In other words, smoking is too entangled in some of the other risk factors to adjust for them in this way. We can’t trust the ‘14 per cent less’ figure because of the wider context.

“Adjusting for heart disease will make current smoking look related to COVID hospital death *even if it’s not*!” Murray wrote in her original tweet thread.

She emphasized that the U.K. study itself was an “impressive effort,” and that the “group should definitely be commended” for their work to compile all of this data.

WHAT HAPPENS WHEN SCIENTIFIC DATA IS TAKEN OUT OF CONTEXT?

“There's this issue of the media kind of running with [a study’s] findings and over-interpreting them,” Murray said.

She added that when she tweeted out her explanation of the U.K. study, some researchers who had worked on it thanked her for clarifying that they weren’t aiming to imply causation in the smoking data.

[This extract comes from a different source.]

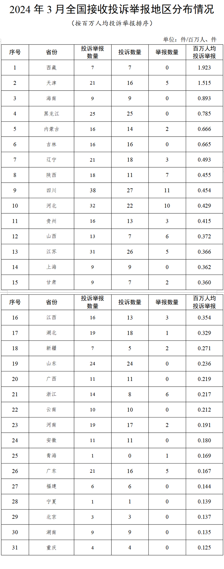 各省(自治區(qū)、直轄市)按照接收投訴舉報數(shù)量排序,四川、河北、江蘇、黑龍江、山東排在全國前5位。按百萬人均投訴舉報數(shù)量排序,西藏、天津、海南、黑龍江、內(nèi)蒙古排在全國前5位。(2024年3月全國接收投訴舉報地區(qū)分布情況,見附件1)

It can be dangerous for media and those with large audiences to boost medical theories that haven’t been proven, she said.

“We saw it even a few weeks ago when [U.S.] President Trump was sort of opining on possible medical uses of bleach,” she said. “We saw several cities … in the U.S. reporting [an] uptick in poison control calls after that of people who had ingested bleach.”

“There's definitely a risk that some people will make decisions which could be harmful for them based on these kinds of information.”

The World Health Organization emphasized this in a May 11 statement on smoking and COVID-19, calling for researchers and media outlets to “be cautious about amplifying unproven claims that tobacco or nicotine could reduce the risk of COVID-19.

“There is currently insufficient information to confirm any link between tobacco or nicotine in the prevention or treatment of COVID-19,” the statement reads.

“Certainly we would not recommend someone to take up smoking based on [these new studies],” Murray said. “And we would still be recommending that people quit smoking because smoking has a lot of negative [health effects].”

“These misinterpretations can be dangerous for the individual and it can be dangerous for other people. It can be dangerous for society as a whole.”

So how can the general public know while reading a study, or a news article about a study, whether it contains advice for their daily life?

“The main thing is to sort of ask yourself, ‘If I was going to make a decision based on this [study], what type of action would I take?’ And then ask yourself whether anyone in the study took that action,” Murray said. “If the study can't tell you about what happened when people made that decision, you shouldn't rely on it to make a decision on your own.”